The Novel's Extra (Terjemahan Indonesia)

Ghost (4)

Sementara Chae Nayun dan Shin Jonghak pergi untuk mengambil air dan Kim Suho serta Yi Yeonghan sibuk memotong babi, Yoo Yeonha bertanya apakah saya punya sapu.

Saya memberinya sapu yang disertakan dengan perlengkapan berkemah saya, dan dia mulai menyapu lantai di dekatnya.

Berkat dia, tempat penampungan yang dulunya penuh dengan sarang laba-laba, tanah, dan bebatuan menjadi tempat berkemah yang layak.

"Lumayan."

Yoo Yeonha melihat sekeliling tempat itu dan tersenyum puas.

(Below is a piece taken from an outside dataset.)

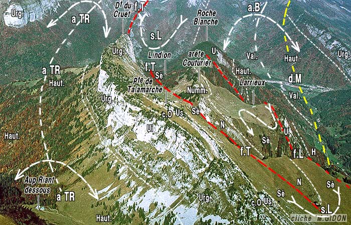 ![]() Le chaînon de la Dent de Cruet et les Dents de Lanfon vu du SW, d'avion (vue à peine oblique à l'axe des plis). s.A = synclinal d'Ablon (et des Dents de Lanfon) ; a.TR = anticlinal de Tête Ronde ; s.L = synclinal du Lindion - Glières orientales) ; a.B = anticlinal du Bargy. Failles antérieures au plissement (en rouge) : f.TT = prolongement méridional de la faille de la Tête à Turpin, dans le versant ouest des Dents de Lanfon ; f.T = faille du roc de Talamarche ; f.L = faille du Roc Lancrenaz. d.M (en jaune) = décrochement de Montremont. Noter la disposition, en graben effondré, du coeur du synclinal du Lindion. On distingue en outre, au niveau de l'Urgonien du fond de synclinal (à l'ouest du Roc de Lancrenaz), que la surface de faille du Roc de Talamarche a été déformée en escalier, sans doute par glissements couches sur couches : ceci est un argument pour admettre l'antériorité de la faille par rapport au plissement. |
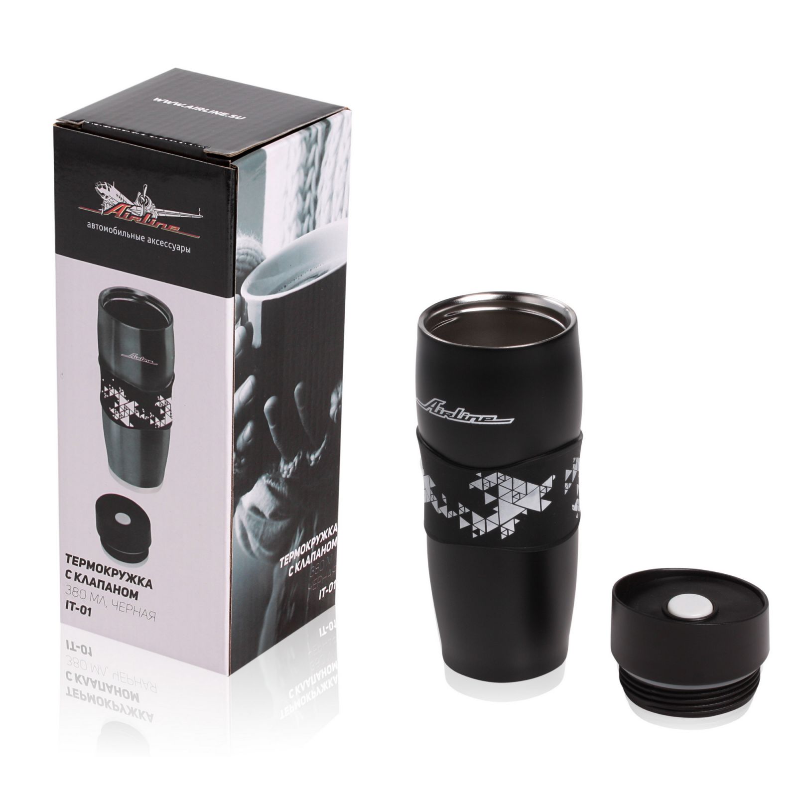 Термокружка c клапаном, 380 мл., черная (IT-01)

Sementara itu, saya mengeluarkan kompor dan pemanggang, lalu duduk di kursi berkemah.

"Huaam~ oh iya, ada sesuatu yang ingin kutanyakan. Kenapa aku tidak bisa menggunakan kekuatan sihir? Butuh waktu 30 menit untuk membersihkan tempat ini, padahal seharusnya hanya butuh waktu 3 menit."

Yoo Yeonha bertanya sambil melakukan peregangan.

"Kau tidak bisa menggunakan kekuatan sihir yang kau bawa dari masa sekarang. Kekuatan sihir yang bisa digunakan mulai terkumpul di dalam dirimu setelah dua hari, tapi kau harus menunggu setidaknya seminggu untuk membiasakan diri."

Hal yang sama juga terjadi dalam cerita aslinya.

Mana pasca-Outcall di masa lalu sangat berbeda dengan mana yang lebih stabil di masa sekarang. Meskipun yang pertama lebih kaya dan padat, namun lebih keras kepala dan sulit untuk digunakan.

Setiap orang harus menderita setidaknya selama seminggu sampai mereka terbiasa.

Namun, ini akan menjadi pengalaman yang berharga untuk masa depan.

"Ah ~ jadi itu sebabnya."

Suara ini bukanlah suara Yoo Yeonha, tapi suara Kim Suho.

Kim Suho dan Yi Yeonghan kembali dan duduk di sampingku.

"Apa kalian sudah selesai?"

"Ya, kami sudah membaginya menjadi beberapa bagian."

"Yo, kami sudah kembali."

Chae Nayun dan Shin Jonghak muncul di pintu masuk. Mereka meletakkan ember-ember yang sudah terisi di tanah.

Yoo Yeonha melirik ke arah pemandangan itu dan mengeluarkan batuk kering.

"Kuhum, kalau begitu haruskah kita makan sekarang~?"

Yoo Yeonha terdengar senang karena bisa makan ramen.

Sekarang giliranku.

Aku menyalakan panggangan, menuangkan air ke dalam panci, lalu meletakkannya di atas kompor.

Menu hari ini adalah perut babi dan ramen.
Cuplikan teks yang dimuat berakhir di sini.